Ten high-backed chairs, some seating elderly people and some seating younger people, spanned the back of the stage area at The Door, the studio theatre at Birmingham Rep. Above this seating arrangement was a large screen, showing slow panoramics of the Birmingham skyline. In front of them, a gently-lit bed with a man lying down, a wheeled trolley next to him and a fan pointed at him.

A short film entitled “Hats” began. The first shot panned out to show a woman, with coarse patchy hair and a massive grin cackling as she tried on the most extravagant yellow hat with massive straw brim. She looked into the camera and said, “Yes. This is me.”

At this point, I have to admit to no longer being able to see very well due to the large amounts of tears gushing down my face – so if my descriptions fall short somehow, I apologise.

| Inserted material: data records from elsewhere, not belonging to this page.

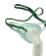
MÁSCARA DE TRACHEOSTOMIA

ADULTO|CÓD: OM-81620 INFANTIL|CÓD: OM-81640
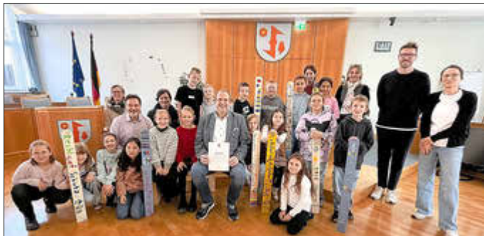
Die Grundschule Götttschied übergab Oberbürgermeister Frank Frühauf eine Demokratiebank und einen Zaun der Kinderrechte.

Schülerinnen und Schüler der Grundschule Götttschied überreichten kürzlich eine Demokratiebank und einen Zaun der Kinderrechte an Oberbürgermeister Frank Frühauf. Die GS Götttschied ist Modellschule für Partizipation und Demokratie sowie Europaschule und hat schon mehrmals die Eröffnung des landesweiten Demokratie-Tages mitgestaltet. Im vergangenen Jahr wurde in Idar-Oberstein eine Town-Hall ‚Schule der Zukunft‘ ausgerichtet.
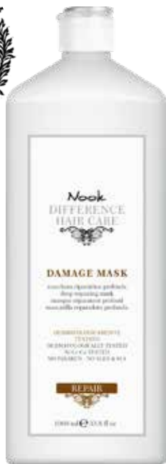
NK1000612 - 1000 ml 9 017 Ft

Kifejezetten közepes- és vastagszálú hajra. Ellensúlyozza a fejbőr és a haj kiszáradását. Helyreállítja és feltölti az igénybevett és sérült hajszerkezetet. Az antioxidáns hatás biztosítja a vegyileg kezelt haj védelmét és visszaadja rugalmasságát, megkönnyítve a kifésülést. Segít megelőzni a hajvégek töredezését; vitalitást, tónust, fényt és puhaságot ad a hajnak anélkül, hogy elnehezítené. Javasolt száraz fejbőrre, mely használatával visszanyeri rugalmasságát és hidratáltságát.
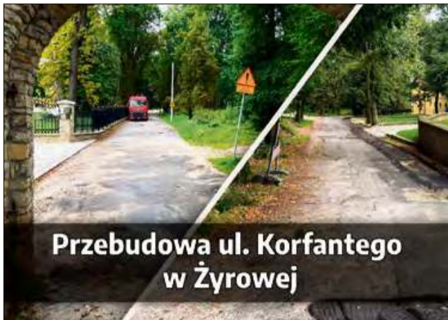
Przebudowa ul. Korfantego w Żyrowej

W związku z prowadzonymi robotami drogowymi władze apelują do kierowców i mieszkańców o zachowanie ostrożności oraz sto-
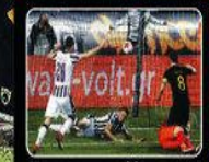
Έγραψε στο φύλλο αγώνα ότι νίκησε ο ΠΑΟΚ

ΑΠΟΧΩΡΗΣΕ Η ΑΕΚ! ΔΕΝ ΚΑΤΕΒΗΚΕ ΝΑ ΠΑΙΞΕΙ ΤΑ 6 ΛΕΠΤΑ!
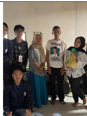
Survey UMKM pembuatan Tempe
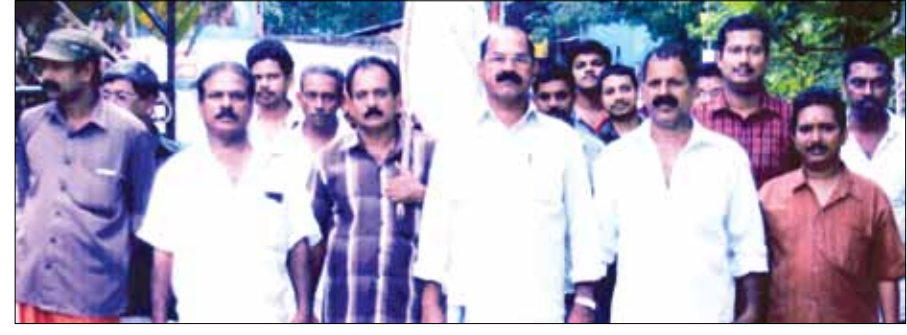
വ്യാപാരി വ്യവസായി ഏകോപന സമിതി മാനന്ദ്യർ യൂണിറ്റ് കെ.എസ്.ഇ.ബി.മാനന്ദ്യർ ഓഫീസിലേക്ക് നടത്തിയ മാർച്ച്

തിരുവനന്തപുരം: കേരള പൊലീസ് അസോസിയേഷൻ്റെ 34-ാം സിറ്റി ജില്ലാ സമ്മേളനം ഇന്ന് മുതൽ 27 വരെ നടക്കും. സമ്മേളനത്തോടനുബന്ധിച്ച് കലാകായിക മത്സരങ്ങൾ, ക്ലബ്ബ് സമ്മേളനം, പ്രതിനിധി സമ്മേളനം, പൊതുസമ്മേളനം എന്നിവ സംഘടിപ്പിച്ചിട്ടുണ്ട്. ഇന്ന് കലാകായിക മത്സരങ്ങൾ നടക്കും. നാളെ പാളയം പൊലീസ് ക്ലബ്ബിൽ സംഘടിപ്പിച്ചിരിക്കുന്ന ക്ലബ്ബ് സമ്മേളനം ചെറുപുഴയിൽ നടക്കും. നാളെ പാളയം പൊലീസ് ക്ലബ്ബിൽ സംഘടിപ്പിച്ചിരിക്കുന്ന ക്ലബ്ബ് സമ്മേളനം ചെറുപുഴയിൽ നടക്കും.

Rosetta Life is a charity dedicated to working with people who have life-threatening illnesses.  “The Magical Glow of the Co Op” was a rehearsed reading as part of the Rosetta Live celebrations that featured the work of two hospices; Birmingham St Mary’s Hospice in Selly Park and St Giles Hospice Whittington, near Lichfield. Working together, more than 30 hospice users generated a performance script that looked at the choices people face when dying and the difficulties they face when making these choices.  In the 10 chairs sat 3 professional actors (the fourth was lying on the bed), 6 hospice users and one care professional.  Throughout the reading hospice users took to the stage to perform alongside the professional actors which really added weight and poignancy (as well as some unexpected laughs) to the evening.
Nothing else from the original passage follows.